- Problem requirements
Please print nothing but the lines from the one containing "在同学们的答辩结束后,老师们" to the final line below, exactly, and no pictures.

- Material provided
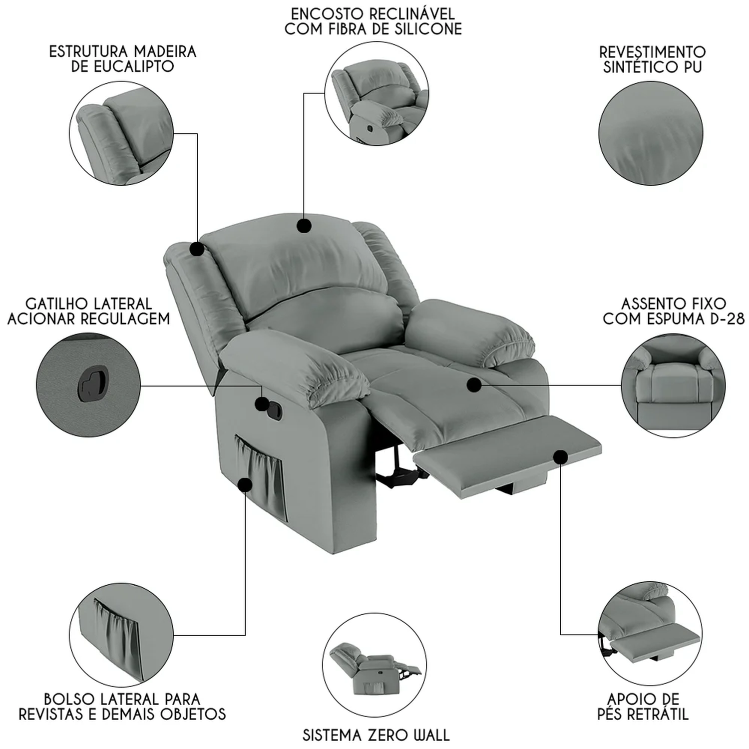 Hora de transformar sua Sala De Estar em um espaço de entretenimento comparável a uma sala de cinema privada? A Poltrona do Papai Reclinável Pietra Zero Wall FH9 PU Cinza, da Mpozenato é a adição perfeita para alcançar esse sonho.
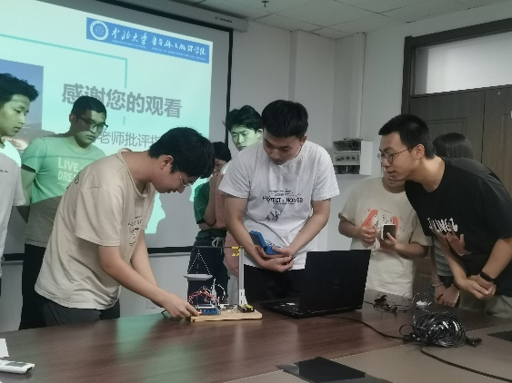 在同学们的答辩结束后,老师们还耐心地询问同学们对这次实训活动的感受,努力完善教学设计,同学们也开诚布公,把自己的真实想法反馈给老师们,相信我们共同的努力和这次活动的宝贵经验必将使将来的实训课程进行地更好。
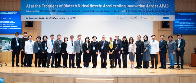 국립암센터는 지난해 12월 15일(월) 국가암예방검진동 8층 국제회의장에서 K-바이오랩허브사업추진단(단장 한인석)과 공동으로 AI 기반 바이오·헬스 혁신 포럼을 개최했다. 이번 포럼은 아시아태평양(APAC)지역의 바이오·헬스 분야에서 인공지능 기술을 활용한 혁신 사례와 글로벌 협력 전략을 논의하기 위해 마련됐으며 고양특례시, UNSW AI Institute, AI4APAC가 공동으로 주관했다. 행사에는 국내외 바이오·헬스, AI, 의료데이터 분야 전문가와 연구자들이 온·오프라인으로 참여해, AI 기반 신약개발, 암 연구 등 최신 연구 동향과 실제 적용 사례를 공유했다.
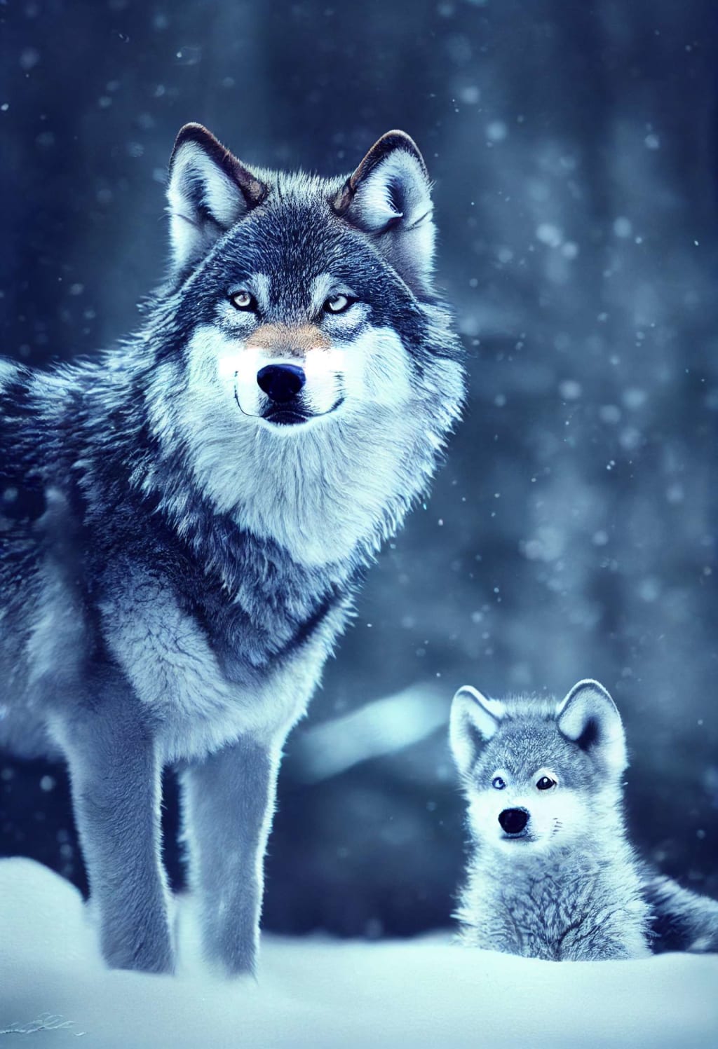 Curiosity seized hold of her, compelling her to follow the haunting sound. Before long, she stumbled upon a clearing. In the midst of it, stood a breathtaking wolf, its fur glistening like silver under the gentle caress of the moonlight.

- Answer space
 在同学们的答辩结束后,老师们还耐心地询问同学们对这次实训活动的感受,努力完善教学设计,同学们也开诚布公,把自己的真实想法反馈给老师们,相信我们共同的努力和这次活动的宝贵经验必将使将来的实训课程进行地更好。
 국립암센터는 지난해 12월 15일(월) 국가암예방검진동 8층 국제회의장에서 K-바이오랩허브사업추진단(단장 한인석)과 공동으로 AI 기반 바이오·헬스 혁신 포럼을 개최했다. 이번 포럼은 아시아태평양(APAC)지역의 바이오·헬스 분야에서 인공지능 기술을 활용한 혁신 사례와 글로벌 협력 전략을 논의하기 위해 마련됐으며 고양특례시, UNSW AI Institute, AI4APAC가 공동으로 주관했다. 행사에는 국내외 바이오·헬스, AI, 의료데이터 분야 전문가와 연구자들이 온·오프라인으로 참여해, AI 기반 신약개발, 암 연구 등 최신 연구 동향과 실제 적용 사례를 공유했다.
 Curiosity seized hold of her, compelling her to follow the haunting sound. Before long, she stumbled upon a clearing. In the midst of it, stood a breathtaking wolf, its fur glistening like silver under the gentle caress of the moonlight.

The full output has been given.